### Exercise brief
Once the line with "下の写真は鯉のぼりの製作でのりを使っている所です。" is reached, output it and every line after it, exactly, through the end of the records below. Pictures are skipped.

Start of The input

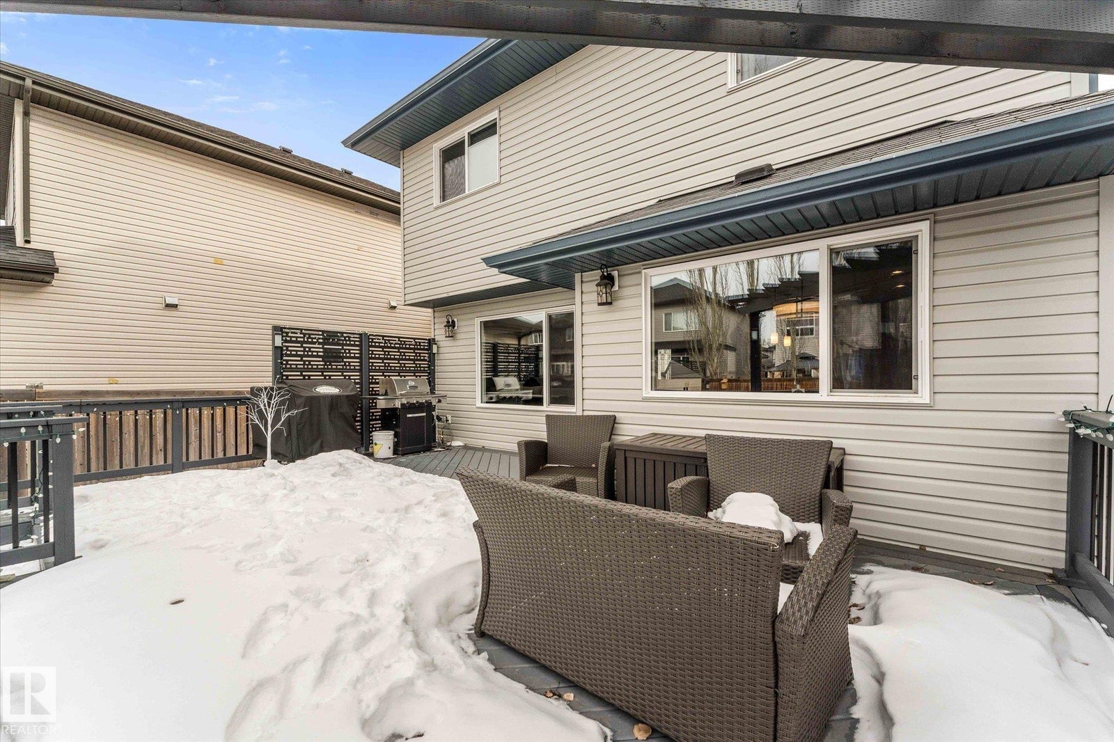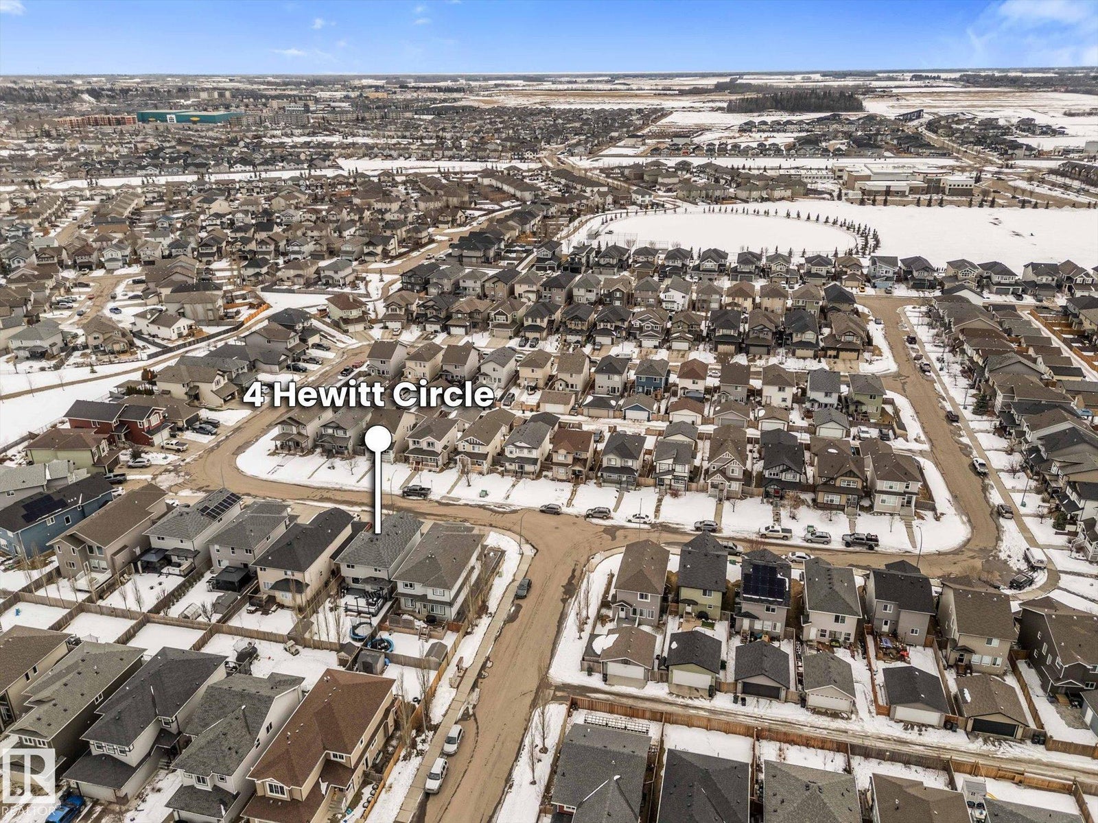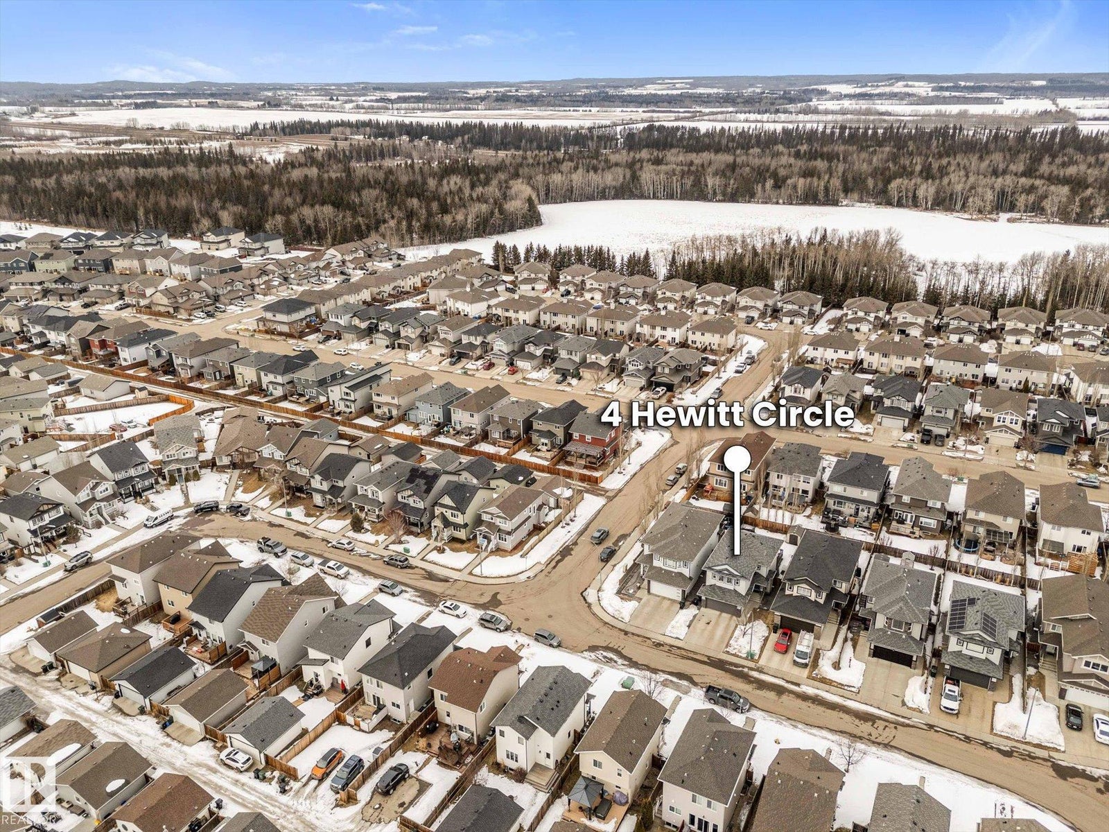 Welcome to 4 Hewitt Circle, located in the beautiful community of Harvest Ridge, on the west end of Spruce Grove. This well maintained 1819 sqft 2 storey is fully finished with 4 bedrooms, 3.5 bathrooms, a double attached garage and AC! On the main floor you will love the open concept floor plan with dark maple trim/doors and laminate flooring. The kitchen has dark cabinets, tile backsplash, SS appliance, a walk-through pantry, a large island & dining space large enough for a big table. The living room has large windows and an electric fireplace. Also on this level is a 2p bath and mudroom with access to the garage. Upstairs has a large bonus room, 3 bedrooms including the primary suite with walk-in closet and 4p ensuite. There is a main 4p bath and laundry on the upper floor as well. In the finished basement is the 4th bedroom, 3p bath with tiled shower, another family room with a wet bar. The north facing backyard is landscaped with a large deck and pergola.
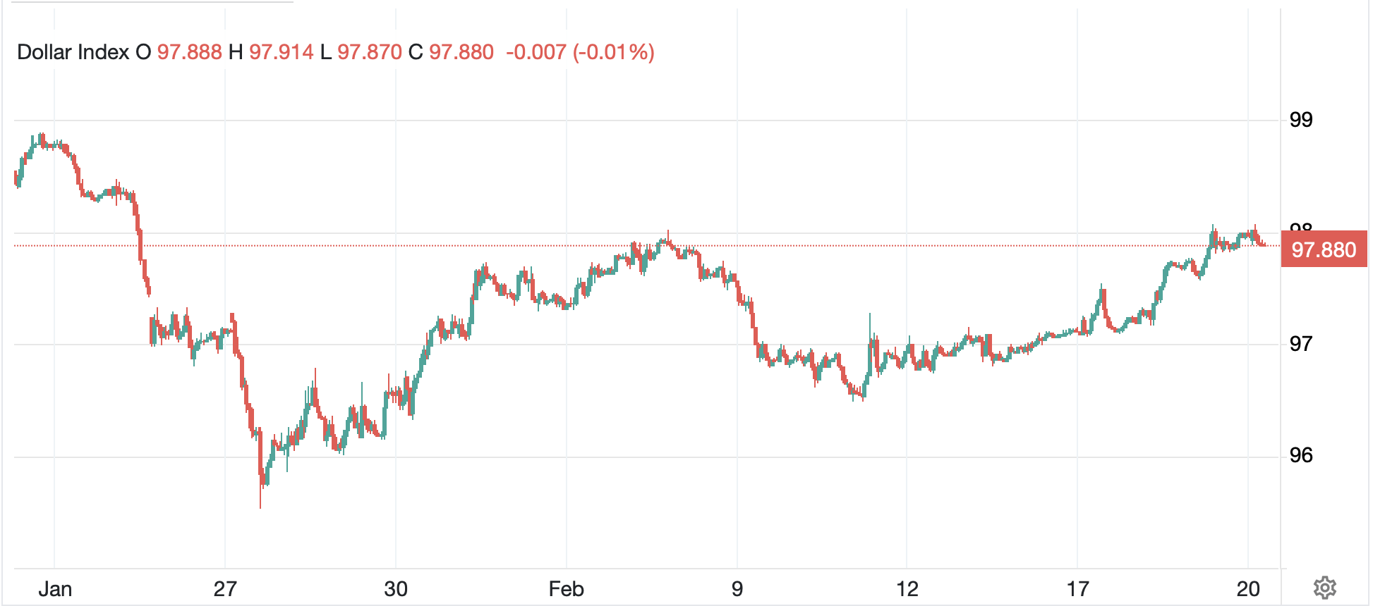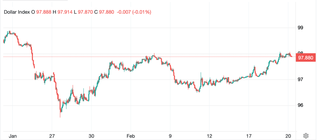 Finally, the dollar, despite frequent calls for its death, has been edging higher in a classic risk-off response as no matter how much some may hate the dollar philosophically, when bad things happen, its massive legal and liquidity advantages outweigh virtually everything else. Once again, the DXY has moved back to the middle of its trading range, just below 98.00 this morning, and to my eyes, shows no signs of an imminent collapse. Rather, if hostilities do break out in Iran, I expect the greenback to rally to at least the top of this trading range at 100, and depending on the situation, it could easily go higher.
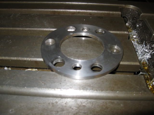 You can't mill the crank side. The original spacer has a recessed pocket for the crank flange to slide into, then it steps down to allow for the crankshaft flange extension on the other side. The crank flange is somewhere around .380" deep and the spacer was .417 thick (not counting the flange extension). If you take material off the back side, the crank flange will bottom out before the spacer is seated. Take it off the front side and there will only be a couple of thousandth's of material left...
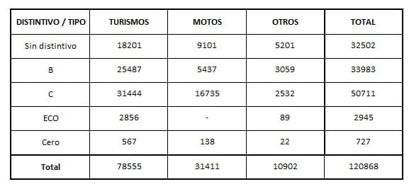 El dato total de vehículos matriculados en Donostia en 2022 es de 120.868. De estos 78.555 eran turismos (64,9%) y 31.411 motos (25,9%). Los distintivos con que cuentan se ven en la siguiente tabla. Más sobre la Zona de Bajas Emisiones, aquí.
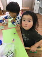 下の写真は鯉のぼりの製作でのりを使っている所です。
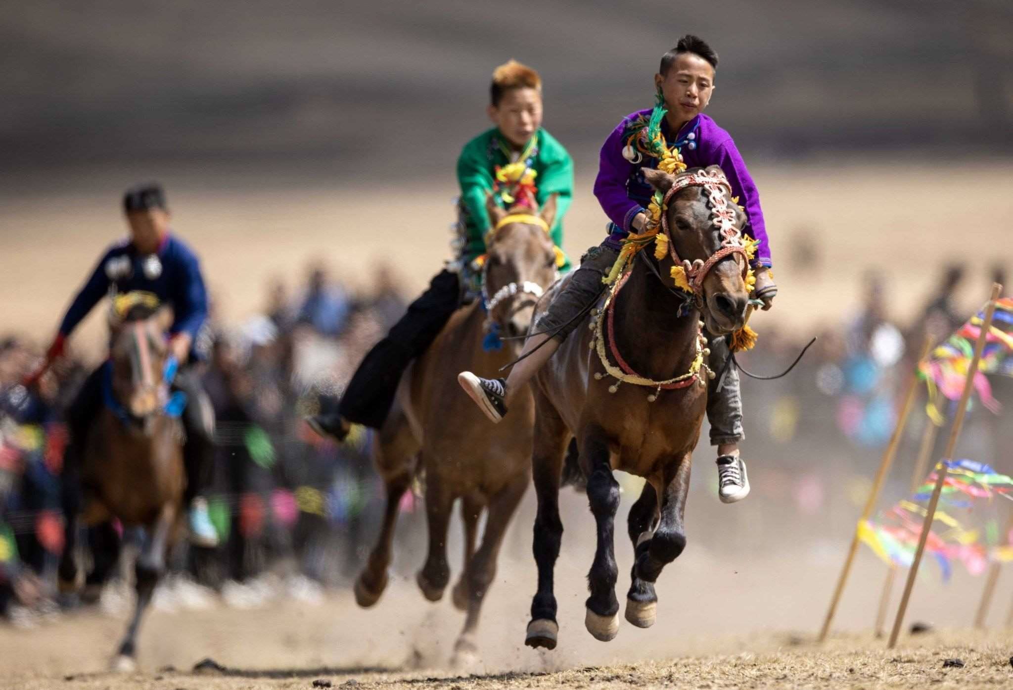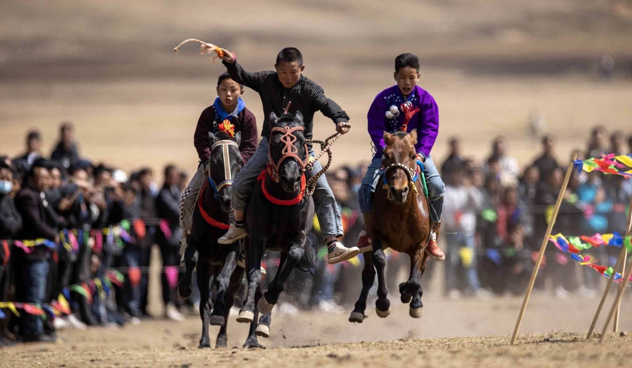 2023年4月25日,四川涼山,普格縣黎安鄉(xiāng)??诹鹤?,傳統(tǒng)的彝族賽馬比賽拉來帷幕。視覺中國

End of The input

### Result of the task
 下の写真は鯉のぼりの製作でのりを使っている所です。
 2023年4月25日,四川涼山,普格縣黎安鄉(xiāng)??诹鹤?,傳統(tǒng)的彝族賽馬比賽拉來帷幕。視覺中國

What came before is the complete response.